→ Exercise input
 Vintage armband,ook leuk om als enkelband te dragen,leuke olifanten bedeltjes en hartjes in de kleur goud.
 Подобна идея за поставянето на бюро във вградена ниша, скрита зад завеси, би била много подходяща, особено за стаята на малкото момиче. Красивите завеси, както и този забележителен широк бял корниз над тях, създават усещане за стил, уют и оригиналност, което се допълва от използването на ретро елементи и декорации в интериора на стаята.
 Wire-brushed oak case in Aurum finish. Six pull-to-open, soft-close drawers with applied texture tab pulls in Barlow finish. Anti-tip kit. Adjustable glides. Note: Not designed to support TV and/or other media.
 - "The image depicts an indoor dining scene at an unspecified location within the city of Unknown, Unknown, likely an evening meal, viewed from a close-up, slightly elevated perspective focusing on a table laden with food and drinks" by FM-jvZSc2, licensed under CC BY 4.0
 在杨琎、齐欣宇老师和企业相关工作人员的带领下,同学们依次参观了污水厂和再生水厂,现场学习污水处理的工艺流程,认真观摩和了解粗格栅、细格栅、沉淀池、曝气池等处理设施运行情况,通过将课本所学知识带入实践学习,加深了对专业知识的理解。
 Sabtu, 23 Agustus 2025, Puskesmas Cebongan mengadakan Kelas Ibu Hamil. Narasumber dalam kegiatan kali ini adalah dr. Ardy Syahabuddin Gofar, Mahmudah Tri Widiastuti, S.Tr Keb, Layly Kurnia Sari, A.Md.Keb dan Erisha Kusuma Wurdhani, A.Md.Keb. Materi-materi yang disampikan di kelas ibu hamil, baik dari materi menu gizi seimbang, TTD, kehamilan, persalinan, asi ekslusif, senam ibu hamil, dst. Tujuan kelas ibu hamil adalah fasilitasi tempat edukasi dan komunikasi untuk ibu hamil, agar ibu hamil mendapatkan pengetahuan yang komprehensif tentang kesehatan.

→ Task brief
Your answer should reproduce each line of the listing that holds the word "with".

→ Worked solution
 Wire-brushed oak case in Aurum finish. Six pull-to-open, soft-close drawers with applied texture tab pulls in Barlow finish. Anti-tip kit. Adjustable glides. Note: Not designed to support TV and/or other media.
 - "The image depicts an indoor dining scene at an unspecified location within the city of Unknown, Unknown, likely an evening meal, viewed from a close-up, slightly elevated perspective focusing on a table laden with food and drinks" by FM-jvZSc2, licensed under CC BY 4.0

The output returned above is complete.